The problem >>
When the line with "(ĐCSVN) - Chiều" turns up below, begin repeating exactly, and carry on through the line with "Im Zuge der"; no pictures go into the copy.

[Opening Entries shown section]

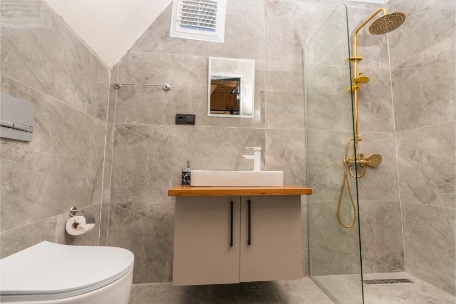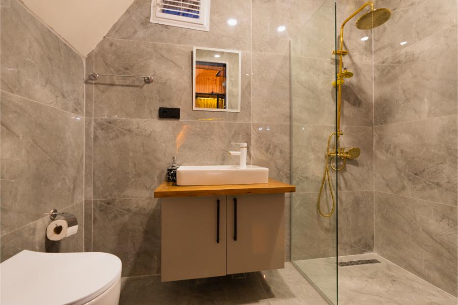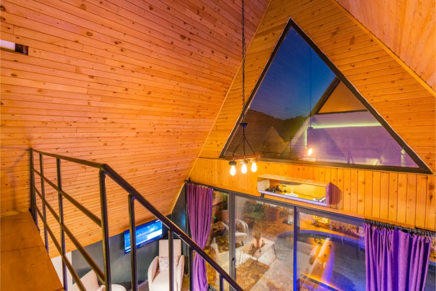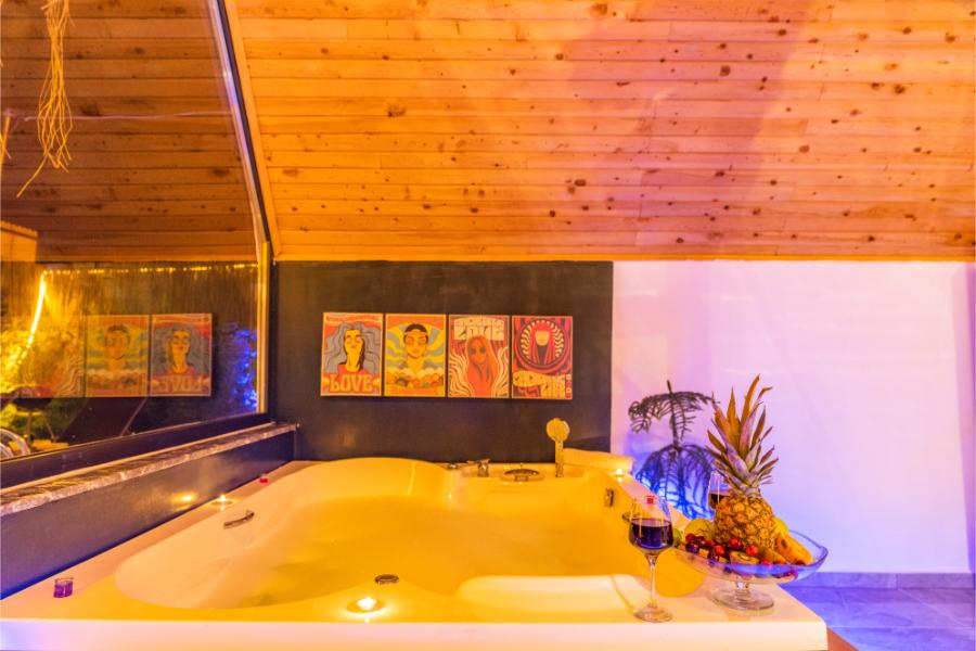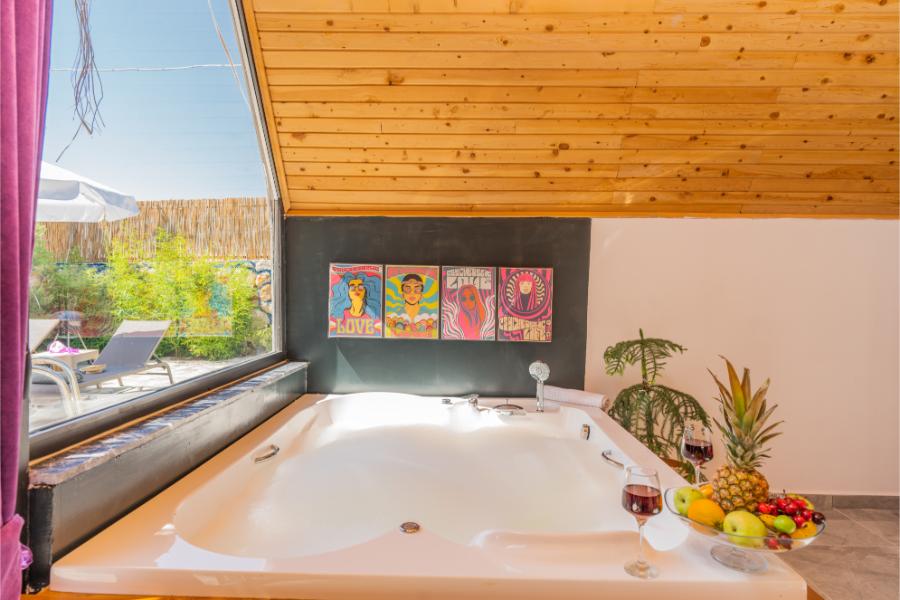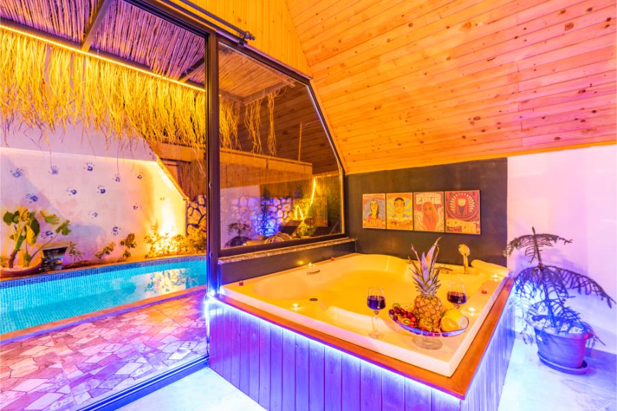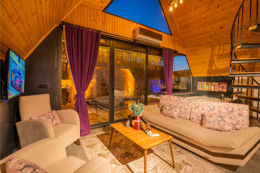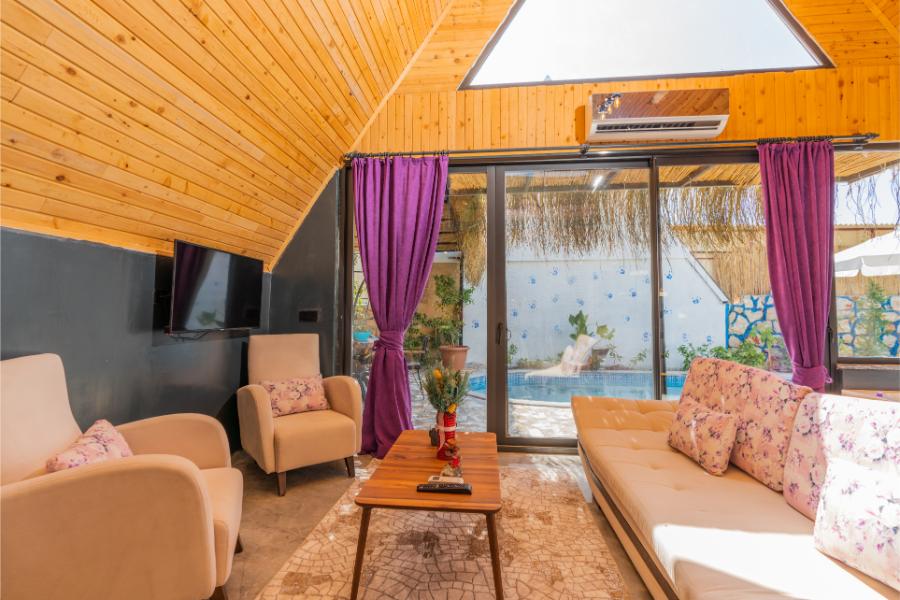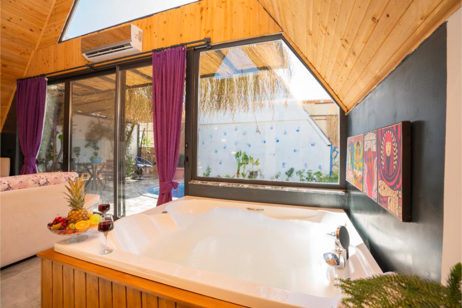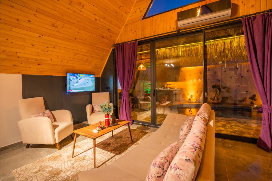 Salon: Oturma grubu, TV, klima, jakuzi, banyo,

[Closing Entries shown section]
[Opening Entries shown section]

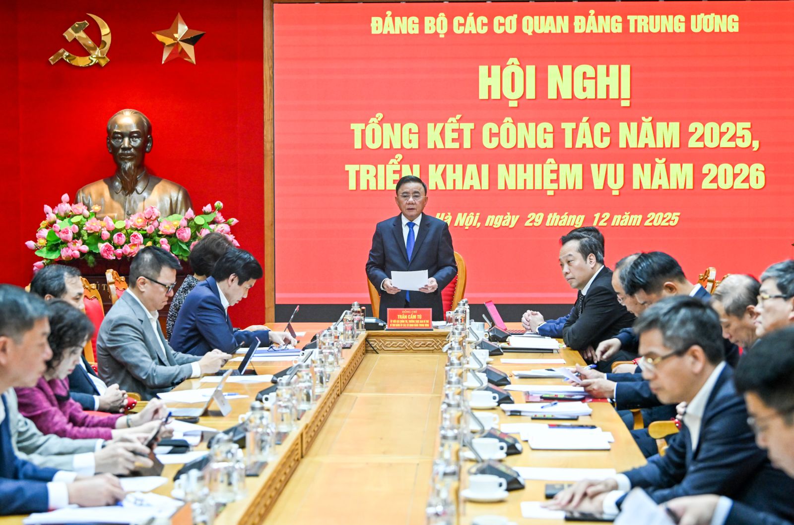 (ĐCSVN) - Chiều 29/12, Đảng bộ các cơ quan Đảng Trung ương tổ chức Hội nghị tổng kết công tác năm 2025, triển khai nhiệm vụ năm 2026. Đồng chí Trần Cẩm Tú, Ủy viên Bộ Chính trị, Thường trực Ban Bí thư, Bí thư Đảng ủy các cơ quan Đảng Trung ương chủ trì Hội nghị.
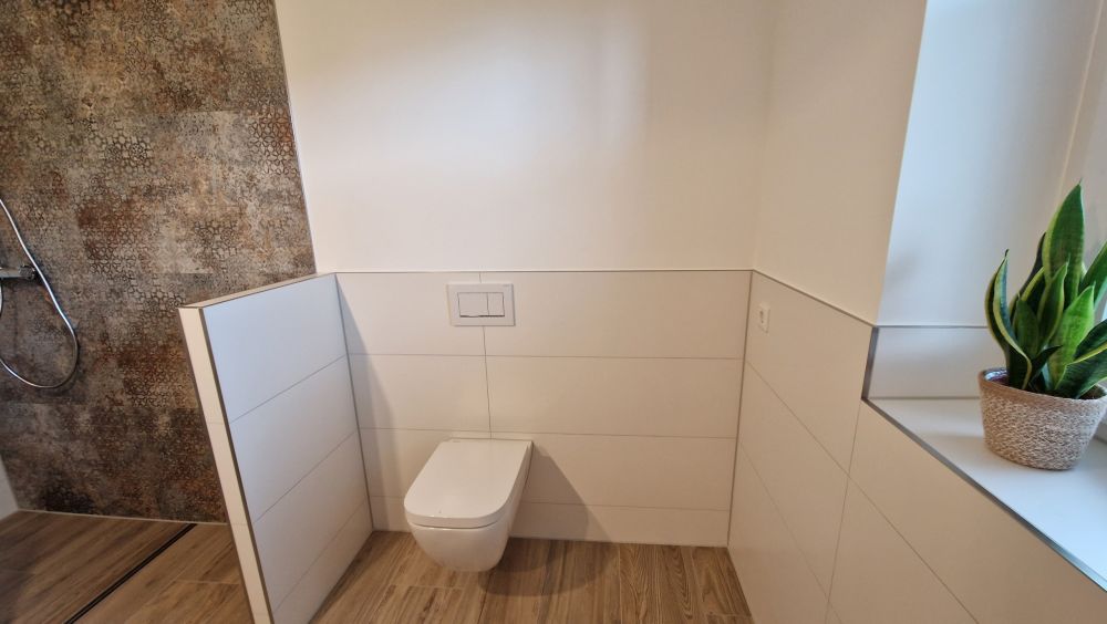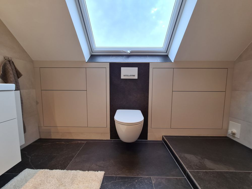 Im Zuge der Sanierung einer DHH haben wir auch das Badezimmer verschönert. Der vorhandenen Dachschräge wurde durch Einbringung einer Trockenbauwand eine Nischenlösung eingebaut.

[Closing Entries shown section]
[Opening Entries shown section]

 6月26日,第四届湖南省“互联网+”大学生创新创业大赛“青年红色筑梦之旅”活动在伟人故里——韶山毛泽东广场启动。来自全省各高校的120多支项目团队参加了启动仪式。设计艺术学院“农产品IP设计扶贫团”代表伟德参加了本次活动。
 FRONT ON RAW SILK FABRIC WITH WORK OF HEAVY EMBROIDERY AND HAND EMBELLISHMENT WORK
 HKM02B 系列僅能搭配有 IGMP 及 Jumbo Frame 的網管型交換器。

[Closing Entries shown section]

Exercise response >>
 (ĐCSVN) - Chiều 29/12, Đảng bộ các cơ quan Đảng Trung ương tổ chức Hội nghị tổng kết công tác năm 2025, triển khai nhiệm vụ năm 2026. Đồng chí Trần Cẩm Tú, Ủy viên Bộ Chính trị, Thường trực Ban Bí thư, Bí thư Đảng ủy các cơ quan Đảng Trung ương chủ trì Hội nghị.
 Im Zuge der Sanierung einer DHH haben wir auch das Badezimmer verschönert. Der vorhandenen Dachschräge wurde durch Einbringung einer Trockenbauwand eine Nischenlösung eingebaut.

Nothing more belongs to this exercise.